Exercise: Reproduce the listing word for word, leaving every picture behind.

***** Data excerpt

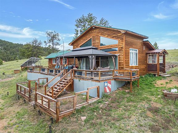 Welcome to your mountain retreat! Nestled on 5 private acres, this cabin combines breathtaking panoramic views, peaceful seclusion, and proven short-term rental success on Airbnb. Powered by owned solar panels, the home is both energy-efficient and cost-effective. Inside, an inviting open layout features a spacious great room with soaring ceilings, expansive windows, and 8-foot sliding glass doors that flood the space with natural light. Gorgeous natural wood floors and a kitchen with stone countertops create a warm, cozy atmosphere. Step outside to a large covered deck with a gazebo—the perfect spot for morning coffee, grilling, wildlife watching, or stargazing under clear mountain skies. Property highlights include: oversized carport, heated 220v workshop, ample parking for RVs, trailers, and boats, interior paint & newer washer, built walkway connecting deck to workshop, recent fire mitigation for peace of mind. Prime location for outdoor adventure: 30 minutes to Cripple Creek, 40 minutes to 11 Mile Reservoir, 45 minutes to Woodland Park, 60 minutes to Colorado Springs, 2 hours to Denver. Surrounded by meadows, forests, and abundant wildlife—including elk, deer, and countless bird species—this property is a true Colorado gem. With no HOA, it offers the freedom to live, play, or rent on your terms.
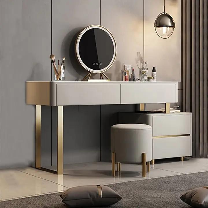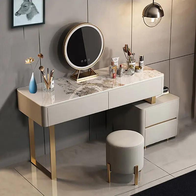This designer makeup table seamlessly combines elegance and practicality, featuring a spacious design that caters to all your storage needs.
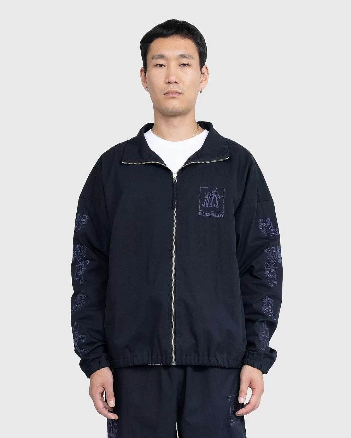 Den Børstede Nylon-Træningsjakke Er En Del Af Vores Samarbejde Med Nts, Musikplatformen Har Skubbet Kulturen Frem Siden 2011. Detaljeret Med En Glat, Mat Tekstur, Jakken Er Lavet Af En Bomulds- Og Nylonblanding Med Broderet Grafik Designet Af Kunstneren George Addy På Ærmet. Et Co-Branded Logo På Brystet Sammen Med En Lynlåslukning Og Standerkrave Pynter Yderligere På Looket, Mens To Frontlommer Fuldender Designet.
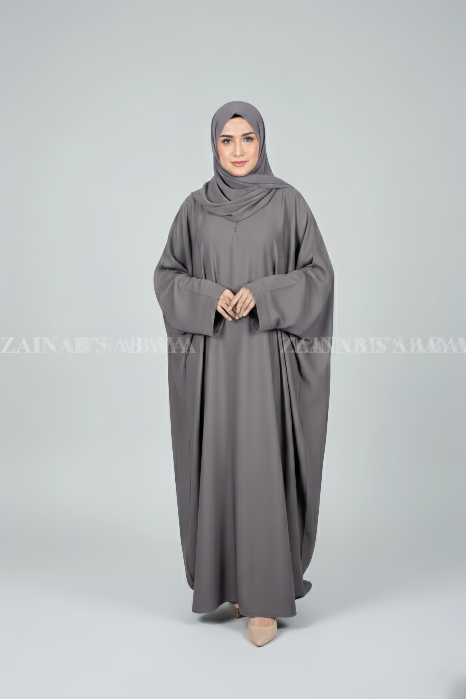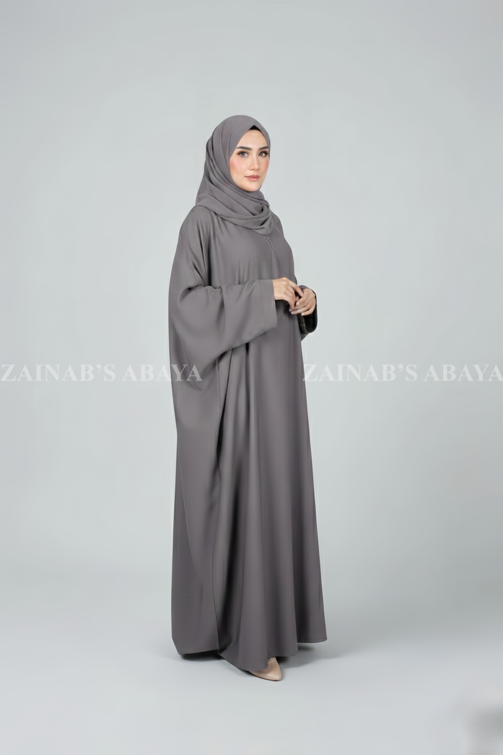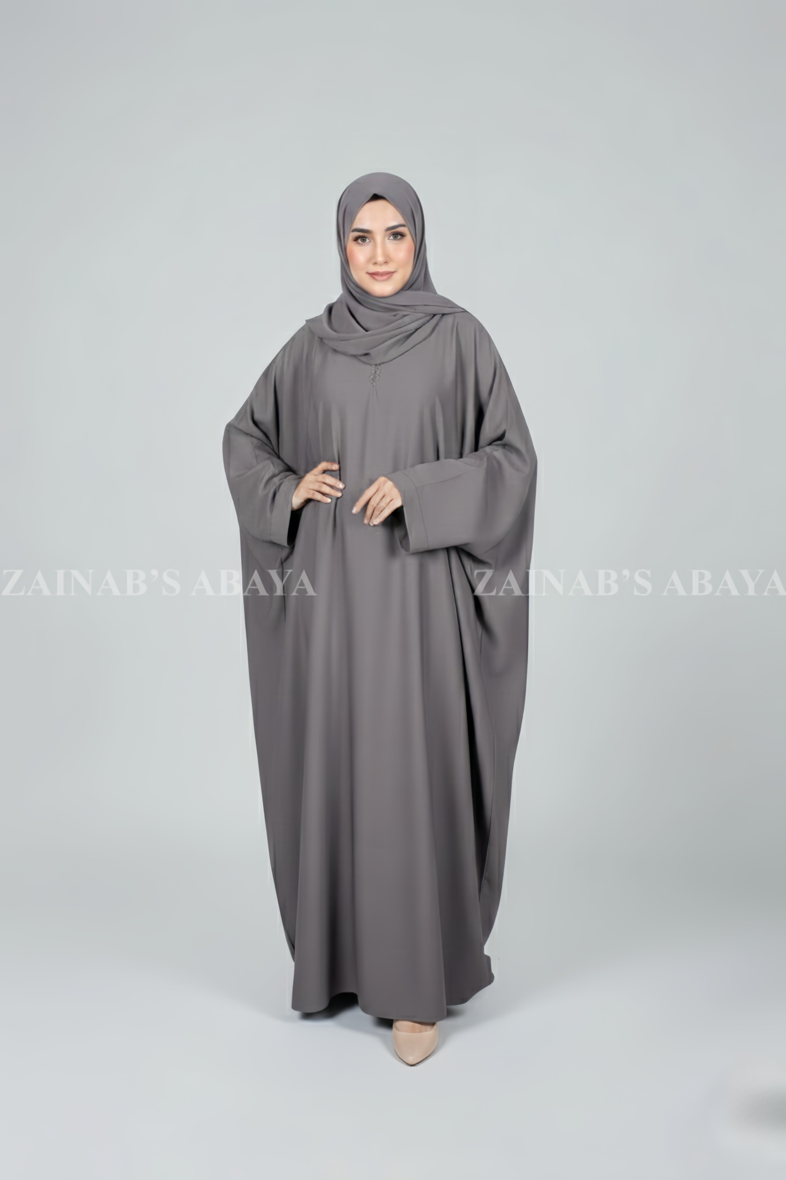 This elegant grey kaftan abaya for women is designed for those who prefer simplicity and a graceful, modest look. Crafted from Premium Nida Korean Fabric, the abaya offers a soft, smooth texture with a beautiful, flowing drape, making it comfortable to wear throughout the day. Its simple, clean design highlights the fabric’s beauty and the elegant grey shade, making it suitable for daily wear and casual gatherings.

**********

Task answer:
 Welcome to your mountain retreat! Nestled on 5 private acres, this cabin combines breathtaking panoramic views, peaceful seclusion, and proven short-term rental success on Airbnb. Powered by owned solar panels, the home is both energy-efficient and cost-effective. Inside, an inviting open layout features a spacious great room with soaring ceilings, expansive windows, and 8-foot sliding glass doors that flood the space with natural light. Gorgeous natural wood floors and a kitchen with stone countertops create a warm, cozy atmosphere. Step outside to a large covered deck with a gazebo—the perfect spot for morning coffee, grilling, wildlife watching, or stargazing under clear mountain skies. Property highlights include: oversized carport, heated 220v workshop, ample parking for RVs, trailers, and boats, interior paint & newer washer, built walkway connecting deck to workshop, recent fire mitigation for peace of mind. Prime location for outdoor adventure: 30 minutes to Cripple Creek, 40 minutes to 11 Mile Reservoir, 45 minutes to Woodland Park, 60 minutes to Colorado Springs, 2 hours to Denver. Surrounded by meadows, forests, and abundant wildlife—including elk, deer, and countless bird species—this property is a true Colorado gem. With no HOA, it offers the freedom to live, play, or rent on your terms.
This designer makeup table seamlessly combines elegance and practicality, featuring a spacious design that caters to all your storage needs.
 Den Børstede Nylon-Træningsjakke Er En Del Af Vores Samarbejde Med Nts, Musikplatformen Har Skubbet Kulturen Frem Siden 2011. Detaljeret Med En Glat, Mat Tekstur, Jakken Er Lavet Af En Bomulds- Og Nylonblanding Med Broderet Grafik Designet Af Kunstneren George Addy På Ærmet. Et Co-Branded Logo På Brystet Sammen Med En Lynlåslukning Og Standerkrave Pynter Yderligere På Looket, Mens To Frontlommer Fuldender Designet.
 This elegant grey kaftan abaya for women is designed for those who prefer simplicity and a graceful, modest look. Crafted from Premium Nida Korean Fabric, the abaya offers a soft, smooth texture with a beautiful, flowing drape, making it comfortable to wear throughout the day. Its simple, clean design highlights the fabric’s beauty and the elegant grey shade, making it suitable for daily wear and casual gatherings.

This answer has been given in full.